DNA detection of spinal cord scaffold tissue in Wistar rat
Prepare 1% agarose gel. Take 250 ml flask, add 100 ml TBE buffer and 1 g agarose to the buffer and place in a microwave oven, then heat to dissolve it completely. When the solution is transparent, slightly shake and cool to 60 °C. Prepare the gel of 3–5mm thickness. An amount of 1ul sample buffer (6 × ) and 5 ul DNA sample is mixed, then transferred to the gel sample-filling hole. Observe the movement of the band (blue) after the electrophoresis started. When it moves ~1 cm to the edge of the plate, stop the electrophoresis. The gel is taken out and placed on the top of the ultraviolet X-ray instrument. Turn on the ultraviolet lamp (360 nm) and observe. Pictures were taken using a software of gel imaging system.

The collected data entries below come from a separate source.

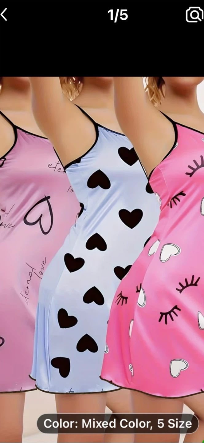 3 Sweetheart printed camisole sleep dresses. These are lightweight and comfy for sleeping. Available in multiple colours and designs. Sizes are listed as 5,fits they are wrinkled from being packed away need to put in dryer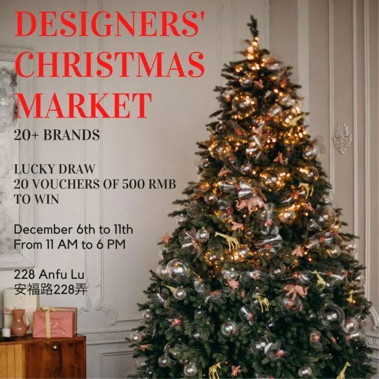 Designers’ Christmas MarketThree designers’ studios on Anfu lu (Attic228, CAPSULE by JULIETTE & MUMU and The Marketplace) are organizing a Christmas market along with 20 other brands. Apparels, bags, cosmetic, home and living, jewels, photos, toys. There will be a large choice of gifts ideas for every member of the family, plus 20 vouchers of RMB500 to be won.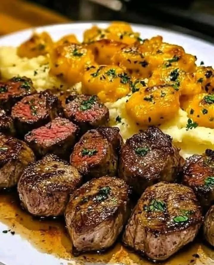 Ribeye Steak Bites and Cheesy Smashed Potatoes combine sizzling steakhouse vibes with cozy kitchen comfort. It’s a dish that’s easy to love and even easier to devour—perfect for anyone craving a rich, satisfying meal with a punch of garlic, cheese, and buttery goodness.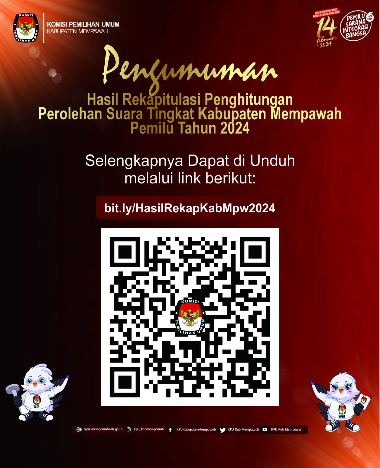 Berikut disampaikan Rekapitulasi Hasil Penghitungan Perolehan Suara TIngkat Kabupaten Mempawah Tahun 2024.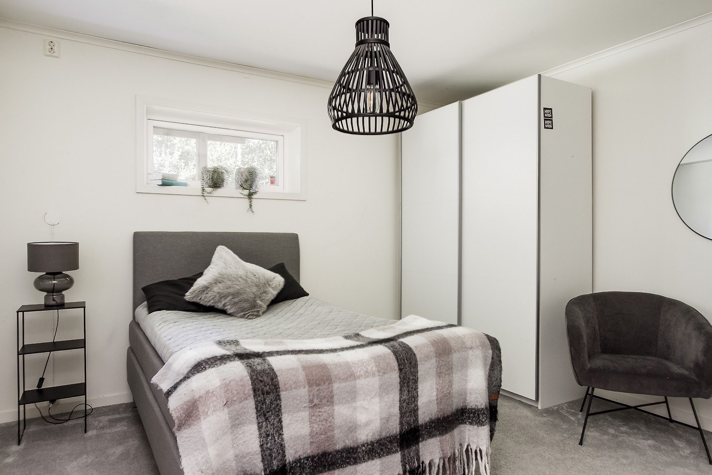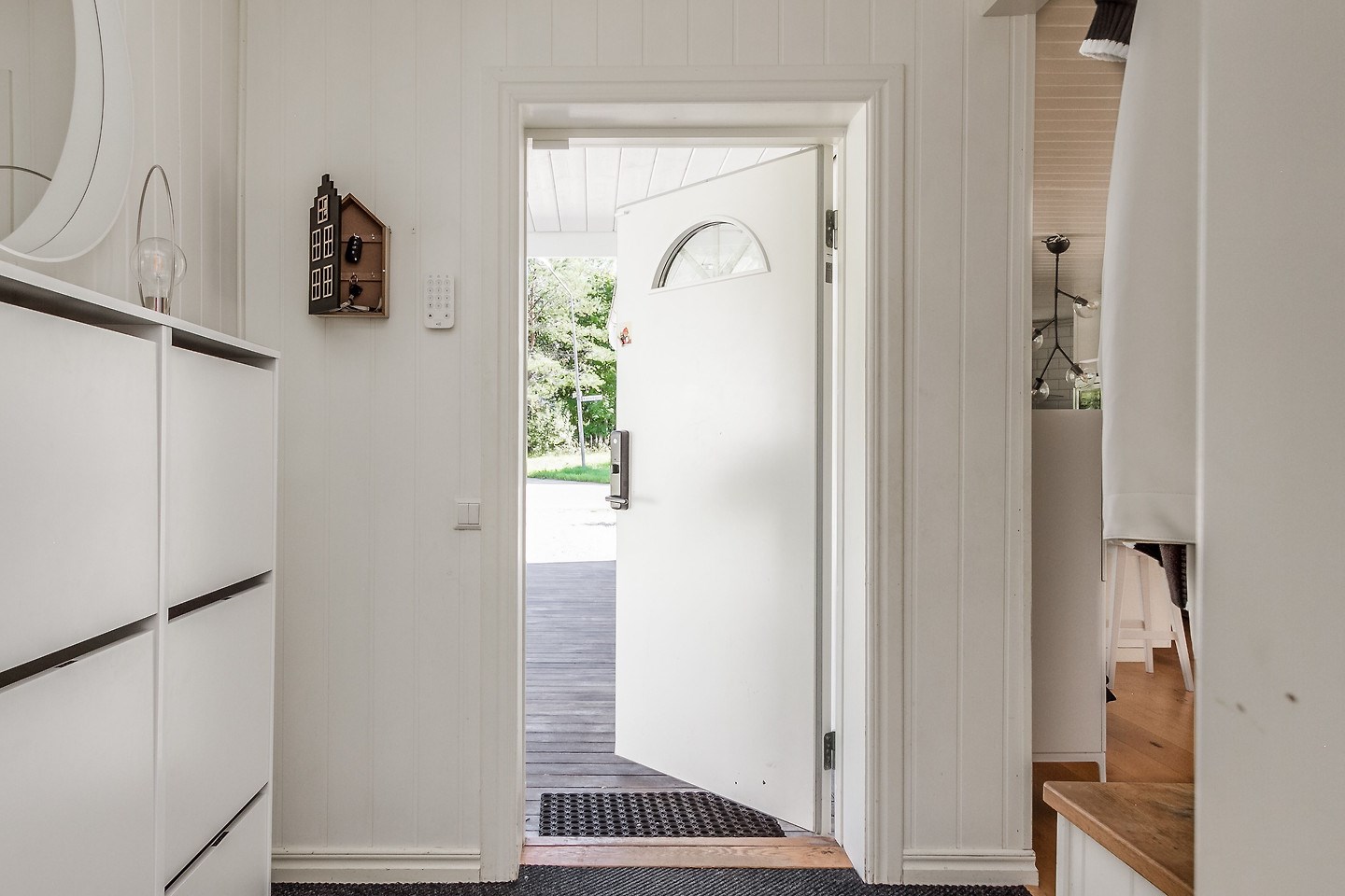 Skåp för inkommande el på bostadsvägg mot gatan. Besiktning utförd 2024. Inspektionslucka från nedre plan invändigt till isolerad nock vind med ståhöjd.

Isolation of rat spinal cord neurons
A Wistar juvenile rat was anesthetized with intraperitoneal injection using 10% chloral hydrate (0.3 ml per 100 g). The state of muscle relaxation and corneal reflex disappearance indicated successful anesthesia. The spinous process and vertebral plate were removed using micro rongeur at T10, and the dura was opened. Anesthetized rats were completely soaked in 75% alcohol solution for 10 min for disinfection, then prone position was taken and fixed in ultraclean table. After skin preparation and regular disinfection, the spinous process and vertebral plate were removed using micro rongeur at T10 and the dura was opened. Carefully wash the blood off the spinal cord tissue. Cut the spinal cord tissue into small pieces and then transfer into sterile centrifugal tube containing 0.25% EDTA trypsin and gently pipette for 15–20 times. Then the tube was put in the incubator under the condition of 37 °C, 5% CO2 for 10 min. In the ultraclean table, 2 ml culture medium containing 10% fetal bovine serum was used to suspend the digestion. Tissue homogenate was filtrated with stainless steel filter. The filtrate was collected in the sterile centrifugal tube. The tube was centrifuged at 1200 r.p.m. for 5 min, discard the supernatant, culture medium containing 10% fetal bovine serum was added to the tube, gentlly pipet, and then made into single-cell suspension. The cell concentration was adjusted to 1 × 106ml−1. The cell suspension was inoculated in cell culture dish, 1 ml in each hole by using 24-hole culture plate, 100 ul in each hole by using 96-hole cell culture plate. Twenty-four hours after culture under the condition of 37 °C, 5% CO2, medium was changed every other day. Three days after culture, cytosine arabinoside was added into each hole to inhibit the proliferation of non-neuronal cells. The growth condition of the neurons was observed every day.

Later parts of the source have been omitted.